Simulate the data distribution:

sim_coefs_fit_1 and sim_coefs_fit_2 are generated using the sim function from the clarify package, applied to two fitted models (fit_1 and fit_2). These functions simulate the distribution of coefficients based on the specified models, capturing the uncertainty around the estimated parameters.
Calculate ATE:

For both models, the sim_ame function calculates the ATE as the marginal risk difference (RD) when the treatment variable (A) is present (A == 1). This function uses the simulated coefficients to estimate the treatment effect across the simulated distributions, providing a comprehensive view of the ATE under each model.

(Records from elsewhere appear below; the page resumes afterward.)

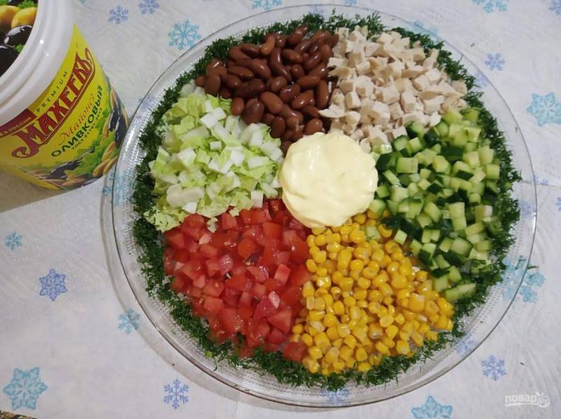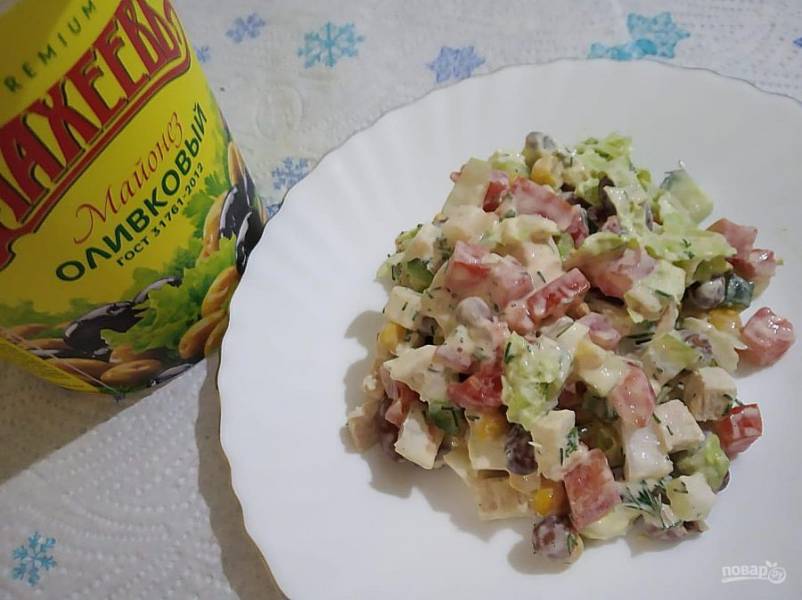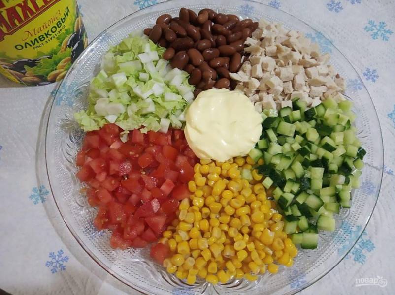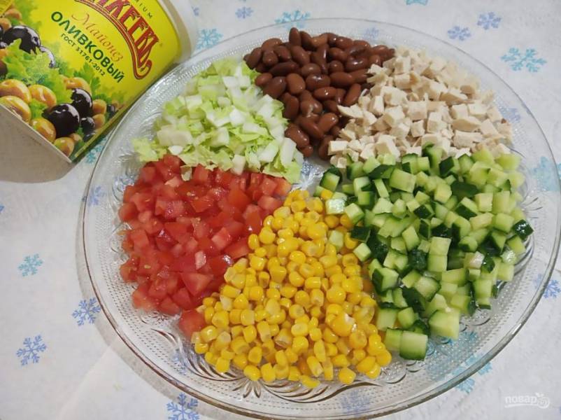 Отварную куриную грудку порежьте на маленькие кубики. Консервированные овощи промойте. Капусту, помидор и огурец порежьте на небольшие кубики.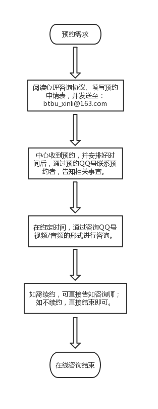 有需要的同学可将《网络心理咨询协议及预约申请表》发送至心理中心预约邮箱(btbu_xinli@163.com),心理中心会根据收到邮件的先后顺序及时安排,通过心理中心预约QQ号与预约同学联系并商定会谈时间及相关事宜。在约定的时间,中心咨询师会使用咨询QQ号添加同学的QQ号,并进行在线咨询。第一次咨询前需进行身份认证,具体方式为在视频时手持员工证,由中心咨询师截取视频画面,与来访同学的咨询档案保存在一起;如因网络原因等无法通过视频认证,则需来访同学向咨询QQ上传本人手持员工证的照片一张。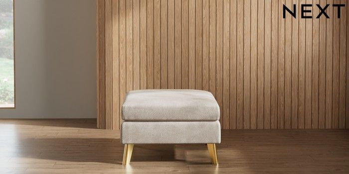 7.3.1 Buy Wilson Footstool Plush Chenille Oyster Metal Tapered - Gold from the Next UK online shop Click here to use our accessible website

To streamline the output, the function is set to verbose mode off (verbose = FALSE).

Results:

Summaries of these estimates (summary_sim_est_fit_1 and summary_sim_est_fit_2) are obtained, providing detailed statistics including the estimated ATE and its 95% confidence intervals (CI).

Presentation: report ATE and CIs:

Using the glue package, the ATE and its 95% CIs for both models are formatted into a string for easy reporting. This step transforms the statistical output into a more interpretable form, highlighting the estimated treatment effect and its precision.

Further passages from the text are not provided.